Output all entries exactly as they appear and skip the pictures.

START Records for processing

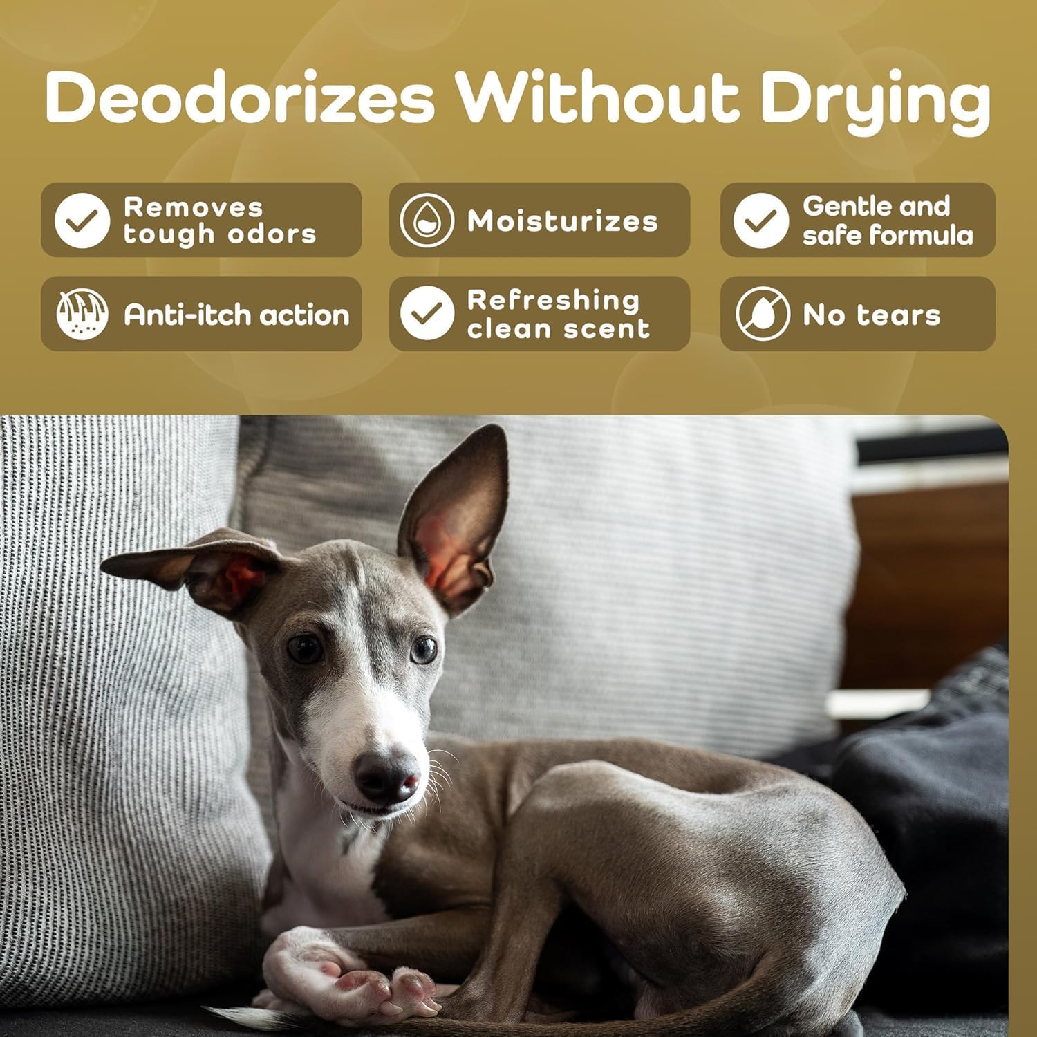 • Enhanced Coat Support – Developed to nourish and reinforce your dog’s coat with aloe vera, argan oil, chamomile, and grape extract, this hydrating dog shampoo supports thick and short fur alike. Regular use leaves coats noticeably softer, shinier, and smelling fresh—perfect for dogs with thin, sensitive skin and short hair, such as Greyhounds, Whippets, Basenjis, Dobermans, Vizslas, Pharaoh Hounds, Manchester Terriers, and more.
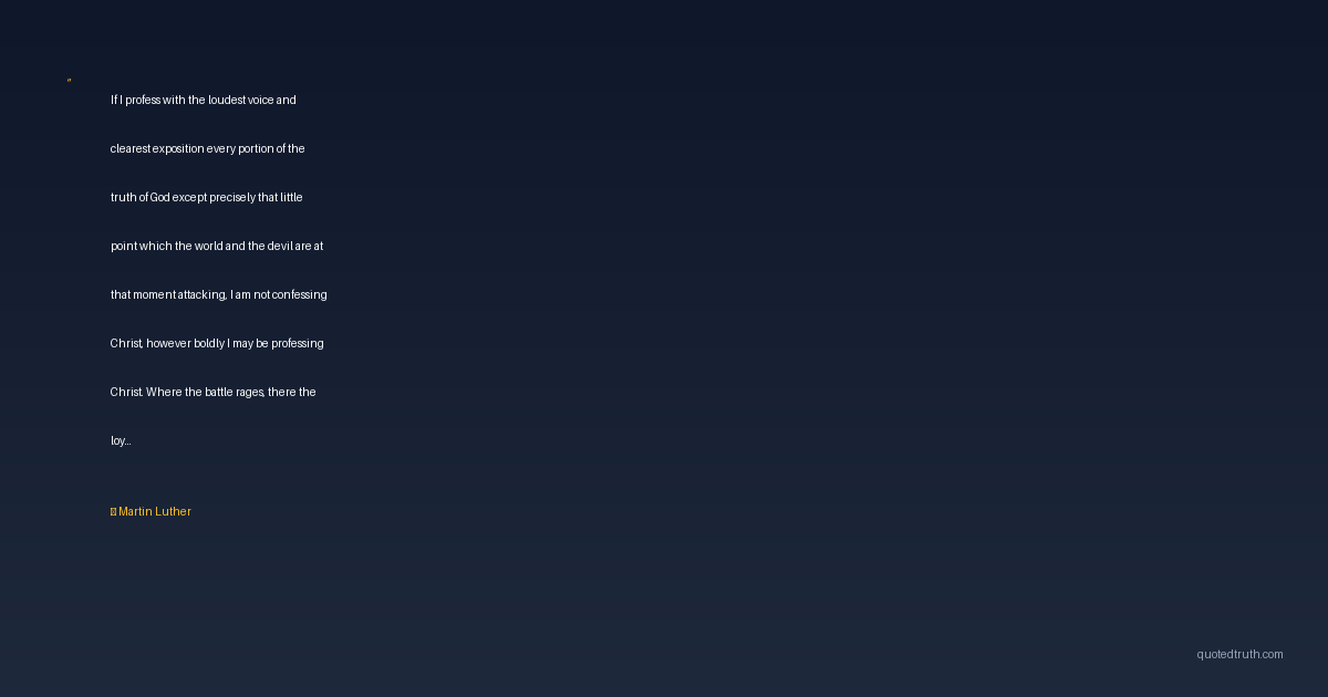 If I profess with the loudest voice and clearest exposition every portion of the truth of God except precisely that little point which the world and the devil are at that moment attacking, I am not confessing Christ, however boldly I may be professing Christ. Where the battle rages, there the loyalty of the soldier is proved; and to be steady on all the battlefield besides, is mere flight and disgrace if he flinches at that one point.
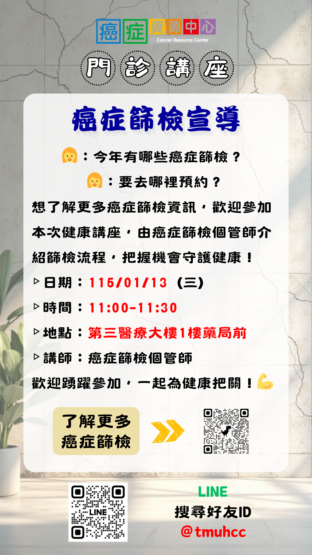 【活動】01/13(三) 門診講座-癌症篩檢宣導 歡迎參加
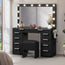 Details: Create your personal beauty corner in any dressing room with this chic vanity. Featuring a sturdy engineered wood frame, 12 bright bulbs with 3 lighting modes for ideal detail, plus 10 roomy drawers and a sleek glass top to keep your essentials organized. Built-in outlets and USB ports keep your tools powered while you relax on the soft stool, making your daily routine smooth and enjoyable.Specifications:Material: Engineered Wood Vanity' Size: 15.7"D x 46"W x 55.9"H Chair' Size: 15.8"D x 11.2"W x 17.1"H Net Product Weight: 117.8 lbs Assembly required: yes, instructions included
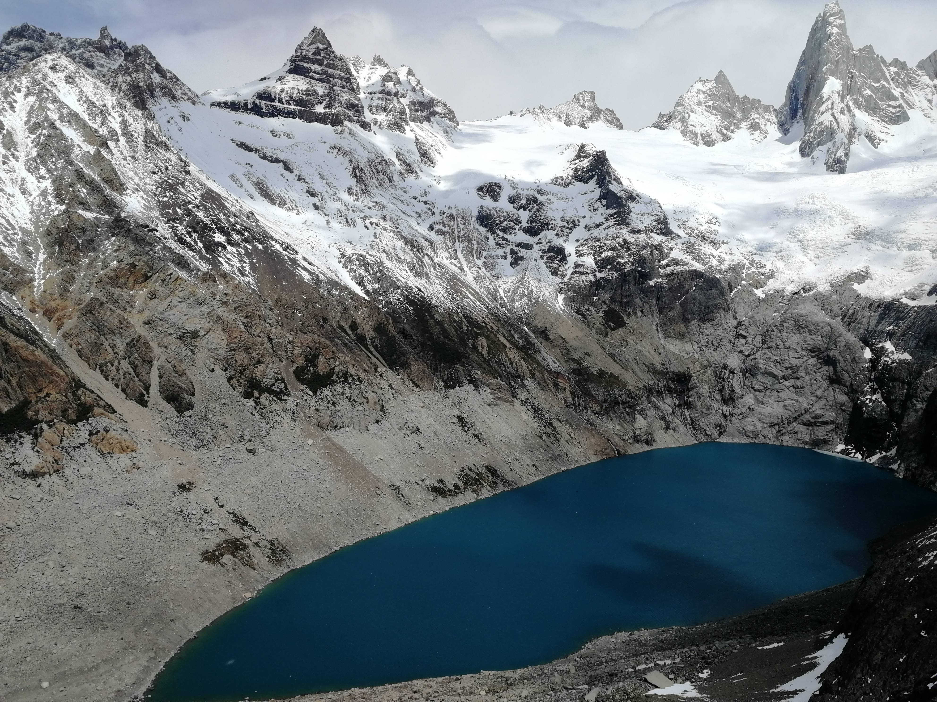 Description : Notre plus longue journée de marche aujourd’hui, 35km ! Mais on a pu voir un superbe Cerro Torre ! Jusqu’à midi le ciel était nuageux mais une fois les nuages partis, c’était génial !
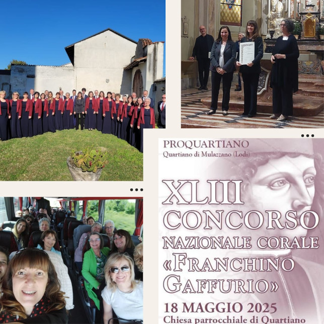 Condividiamo con voi la gioia dell'esperienza vissuta domenica scorsa con la partecipazione al XLIII Concorso Nazionale Franchino Gaffurio di Quartiano in una giornata di sole meraviglioso. Abbiamo partecipato nella categoria Polifonia Sacra Contemporanea e siamo stati giudicati Fascia Argento!
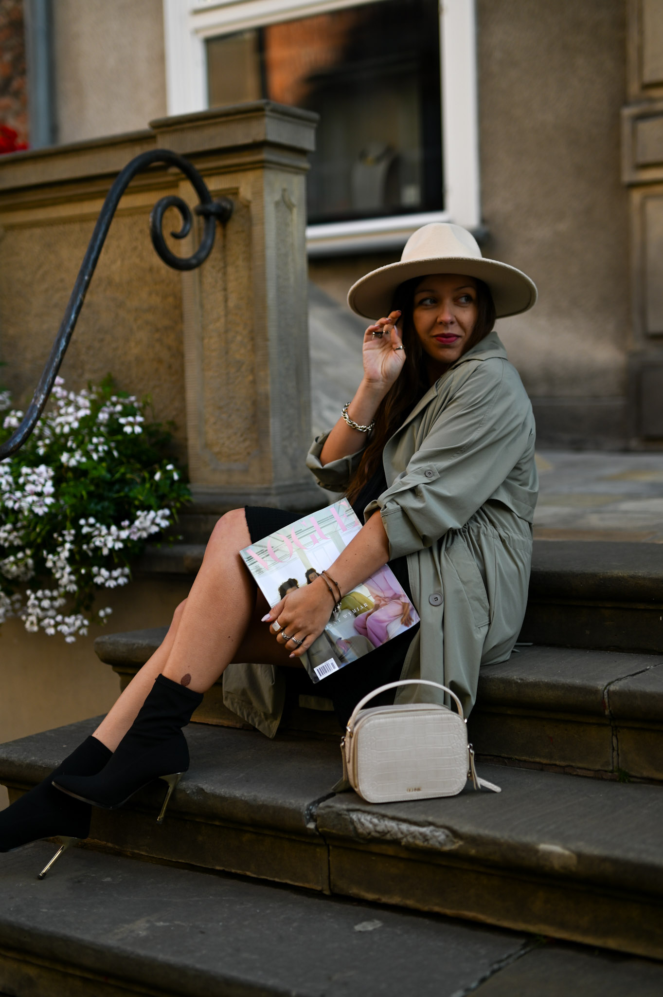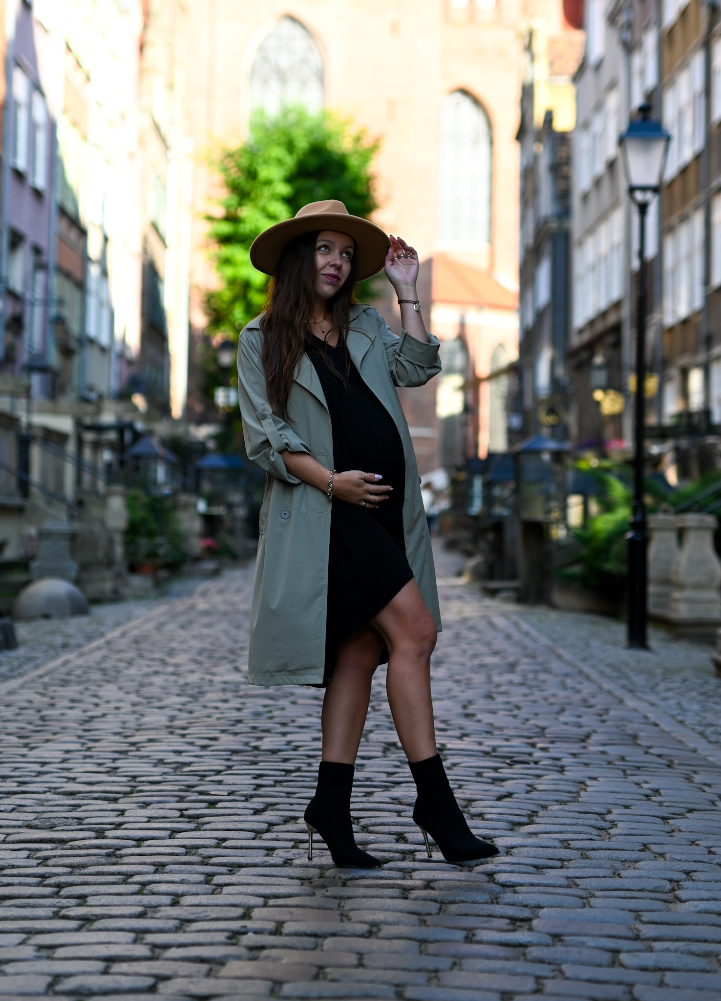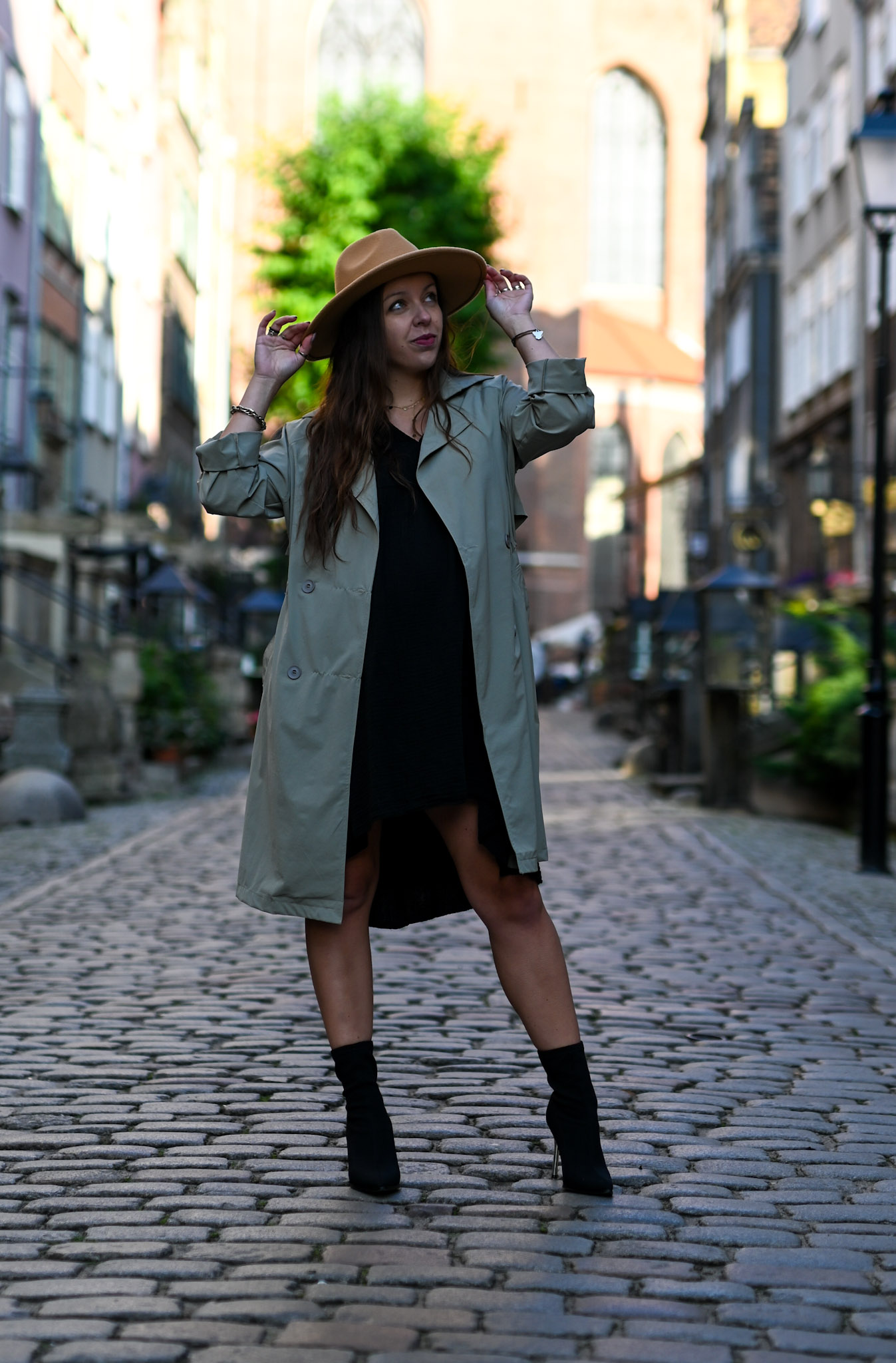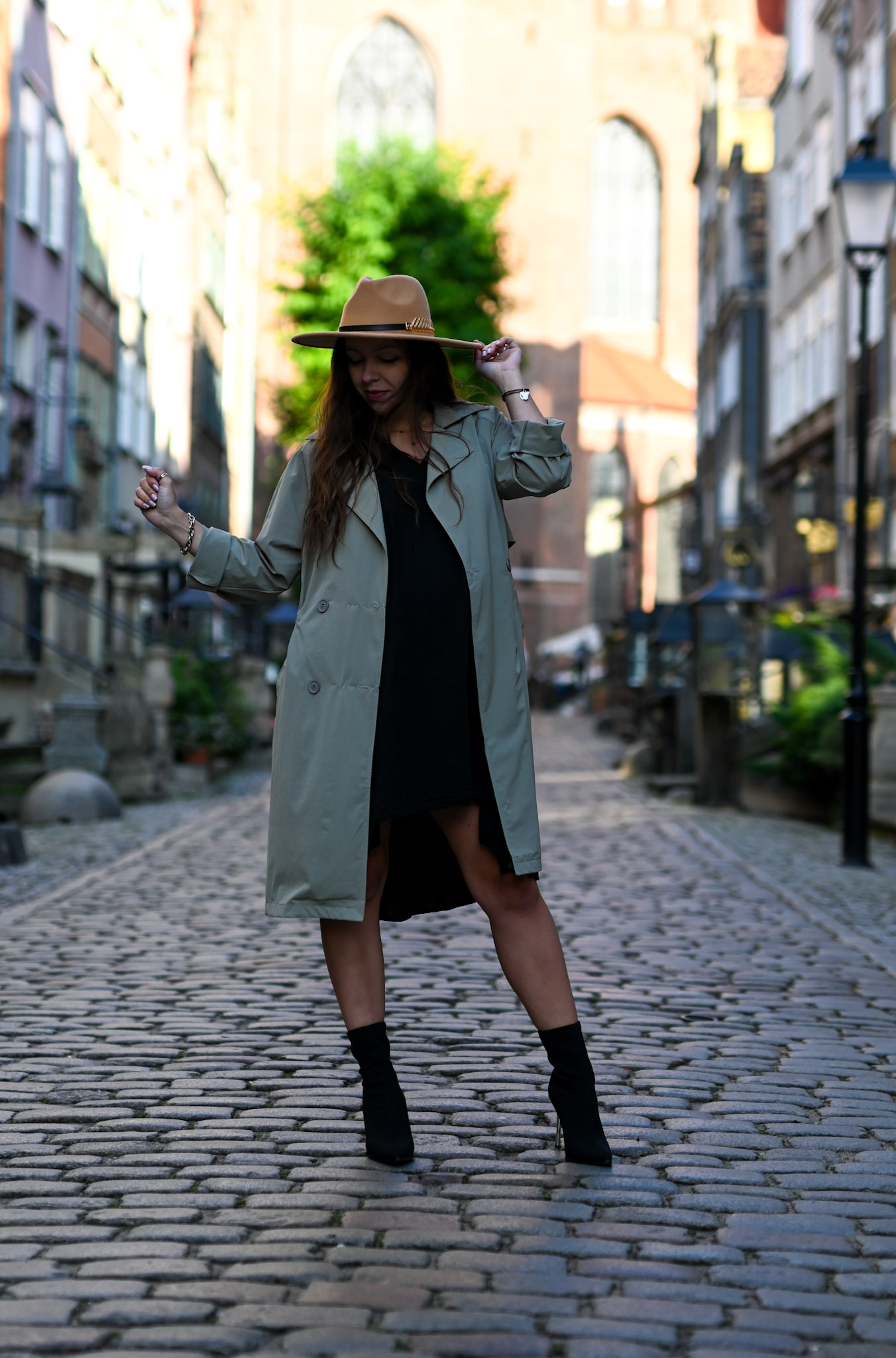 Długi trencz w pięknym przygaszonym kolorze khaki. Płaszczyk świetnie sprawdzi się jako narzutka na jesienne dni. Model ten jest zapinany na dwurzędowe guziki, posiada długie rękawy ale pięknie prezentuje się z podwiniętym rękawami 3/4 (posiada dodatkowy guziczek przy rękawie). Płaszczyk ma wiązanie w talii oraz dwie kieszenie po bokach. Wiązanie możemy ściągnąć z tyłu lub zawiązać z przodu aby podkreślić talię.

END Records for processing

### Answer box
 • Enhanced Coat Support – Developed to nourish and reinforce your dog’s coat with aloe vera, argan oil, chamomile, and grape extract, this hydrating dog shampoo supports thick and short fur alike. Regular use leaves coats noticeably softer, shinier, and smelling fresh—perfect for dogs with thin, sensitive skin and short hair, such as Greyhounds, Whippets, Basenjis, Dobermans, Vizslas, Pharaoh Hounds, Manchester Terriers, and more.
 If I profess with the loudest voice and clearest exposition every portion of the truth of God except precisely that little point which the world and the devil are at that moment attacking, I am not confessing Christ, however boldly I may be professing Christ. Where the battle rages, there the loyalty of the soldier is proved; and to be steady on all the battlefield besides, is mere flight and disgrace if he flinches at that one point.
 【活動】01/13(三) 門診講座-癌症篩檢宣導 歡迎參加
 Details: Create your personal beauty corner in any dressing room with this chic vanity. Featuring a sturdy engineered wood frame, 12 bright bulbs with 3 lighting modes for ideal detail, plus 10 roomy drawers and a sleek glass top to keep your essentials organized. Built-in outlets and USB ports keep your tools powered while you relax on the soft stool, making your daily routine smooth and enjoyable.Specifications:Material: Engineered Wood Vanity' Size: 15.7"D x 46"W x 55.9"H Chair' Size: 15.8"D x 11.2"W x 17.1"H Net Product Weight: 117.8 lbs Assembly required: yes, instructions included
 Description : Notre plus longue journée de marche aujourd’hui, 35km ! Mais on a pu voir un superbe Cerro Torre ! Jusqu’à midi le ciel était nuageux mais une fois les nuages partis, c’était génial !
 Condividiamo con voi la gioia dell'esperienza vissuta domenica scorsa con la partecipazione al XLIII Concorso Nazionale Franchino Gaffurio di Quartiano in una giornata di sole meraviglioso. Abbiamo partecipato nella categoria Polifonia Sacra Contemporanea e siamo stati giudicati Fascia Argento!
 Długi trencz w pięknym przygaszonym kolorze khaki. Płaszczyk świetnie sprawdzi się jako narzutka na jesienne dni. Model ten jest zapinany na dwurzędowe guziki, posiada długie rękawy ale pięknie prezentuje się z podwiniętym rękawami 3/4 (posiada dodatkowy guziczek przy rękawie). Płaszczyk ma wiązanie w talii oraz dwie kieszenie po bokach. Wiązanie możemy ściągnąć z tyłu lub zawiązać z przodu aby podkreślić talię.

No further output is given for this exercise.